Top of The input
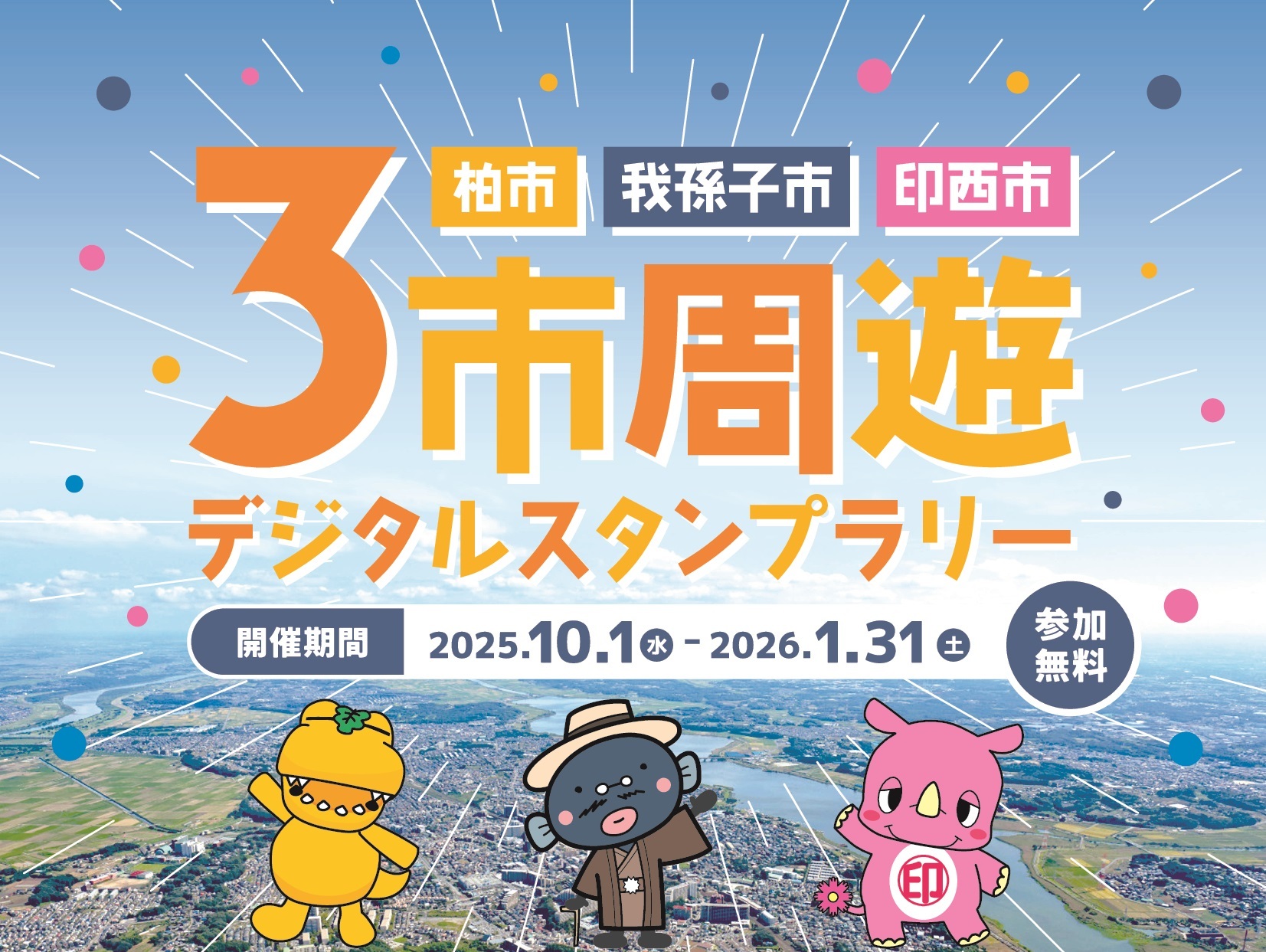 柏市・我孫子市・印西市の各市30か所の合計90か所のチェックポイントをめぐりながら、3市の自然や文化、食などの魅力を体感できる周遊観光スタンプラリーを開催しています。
Bottom of The input
Top of The input
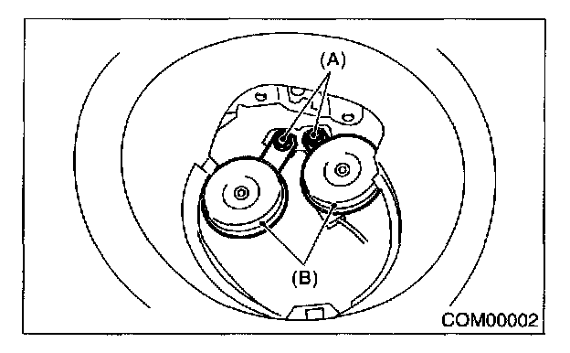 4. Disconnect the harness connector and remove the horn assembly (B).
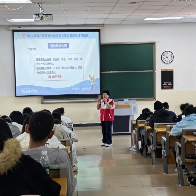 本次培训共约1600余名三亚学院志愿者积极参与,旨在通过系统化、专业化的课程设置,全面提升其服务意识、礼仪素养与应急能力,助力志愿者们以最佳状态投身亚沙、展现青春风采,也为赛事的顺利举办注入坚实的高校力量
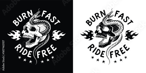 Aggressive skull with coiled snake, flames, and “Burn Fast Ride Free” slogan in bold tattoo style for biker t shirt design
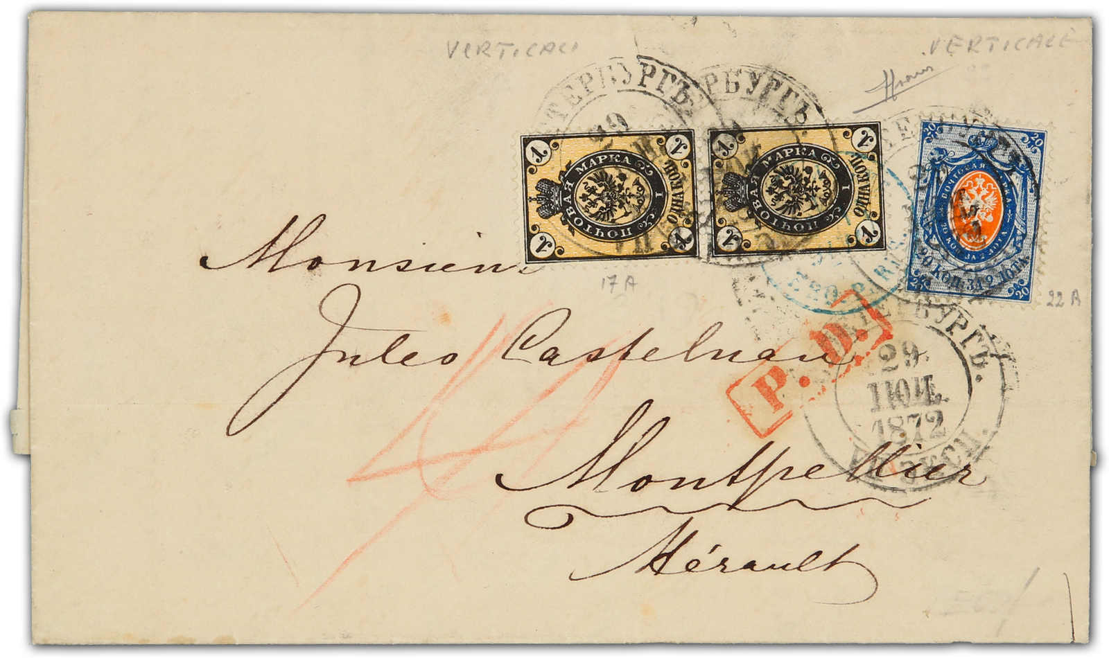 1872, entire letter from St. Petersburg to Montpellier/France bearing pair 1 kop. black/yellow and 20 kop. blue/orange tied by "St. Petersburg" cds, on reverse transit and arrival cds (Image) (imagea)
Bottom of The input
■ Action item ■
Give back, exactly and without pictures, the stretch of the records above from the line containing "本次培训共约1600余名三亚" through the line containing "Aggressive skull with", with both end lines included.

■ Answer box ■
 本次培训共约1600余名三亚学院志愿者积极参与,旨在通过系统化、专业化的课程设置,全面提升其服务意识、礼仪素养与应急能力,助力志愿者们以最佳状态投身亚沙、展现青春风采,也为赛事的顺利举办注入坚实的高校力量
 Aggressive skull with coiled snake, flames, and “Burn Fast Ride Free” slogan in bold tattoo style for biker t shirt design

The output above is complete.